Don,
I certainly agree with you for people who can find the beat or are experienced enough to choreograph a piece.
I wasn't quite clear from Hytran just how experienced he is so I directed my comments towards a bare beginner that is worried about how to find the beat and/or rhythm. I think internalizing the beat first makes learning to count it later easier.
This is not a "I know the way" comment just an observation from experience:
A friend was having trouble getting a group of young children (10 & under)in a community centre class to learn the jive step. He'd just about given up but asked my wife and I to see if we could help.
The class was an hour and a half (far too long for the age group IMO). For the first hour we did no dancing whatsoever. We spent the first hour playing rhythm games: clapping, rhymes, sight reading Kodaly rhythm cards, etc.
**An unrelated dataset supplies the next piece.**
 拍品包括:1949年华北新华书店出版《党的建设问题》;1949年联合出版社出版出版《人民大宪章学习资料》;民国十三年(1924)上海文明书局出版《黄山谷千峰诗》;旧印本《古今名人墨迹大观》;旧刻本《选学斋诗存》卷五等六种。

We had lots of variations, e.g. in a speed drill the kids had to clap the previous card rather than the one showing. Underlying it all everything we did emphasized a SSQQ rhythm.
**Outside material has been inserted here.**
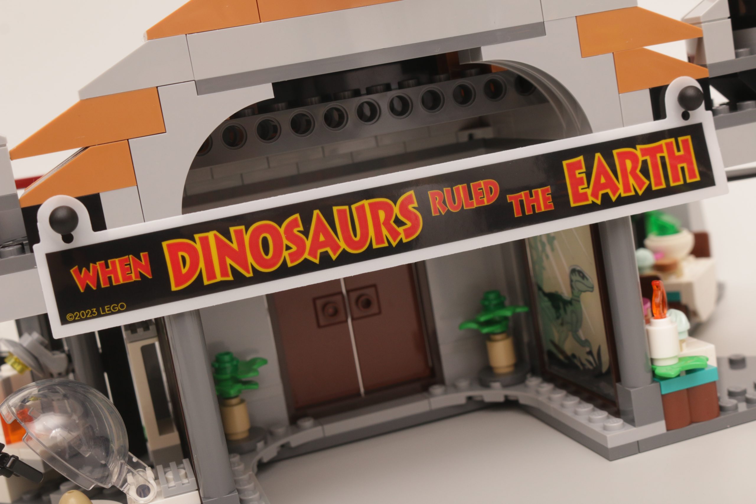 Alle minifigurene kan fortsatt passe inn i og rundt modellen, og det er gode muligheter for lek som et resultat, men mikroskalastørrelsen på eksteriøret gjør at interiøret er alt, altfor lite til å komme i nærheten av det vi så på skjermene. . En del av besøkssenterets fortreffelighet som ramme for filmens finale lå i dets storslåtte interiør, som lett kunne huse en klimaktisk jakt mellom Velociraptorer og mennesker oppover noen gigantiske, suspenderte dinosaurskjeletter, og deretter – enda viktigere – en rasende T. rex. Som det er, det fancy 'When Dinosaurs Ruled The Earth'-skiltet som følger med 76961 Besøkssenter: T. rex & Raptor Attack sitter ganske komisk for lavt, omtrent på høyde med den medfølgende T. rex sine hofter, i stedet for høyt nok til at den dramatisk faller ned rundt dinosauren mens den brøler, a la filmen.

After an hour we had them up walking to some slow swing tunes, added a "Run-Run", then checked the first "Run" backwards in game variations.
Our friend had also said the kids wouldn't dance together. The mistake he made was he asked the kids if they would dance together first.
"Oh! Oh! I'm not gonna dance with a girl," was the type of response he got.
Knowing that with this group we included activities like one person pulling another to the music by their shirt sleeve. Everything was a game. We added layers to the level of contact and kept the pace of change fast enough that the kids were in closed contact before they knew what had happened to them.
We never asked and we never told them to do it. Everything was an ever changing game of challenging complexity (kids like that). Things happened so fast embarassment would have come from refusing to dance with a partner.
However, the main thing was that all activities emphasized internalizing the SSQQ rhythm and the kids had no problem learning to back step and they learned syllabus steps very quickly after that.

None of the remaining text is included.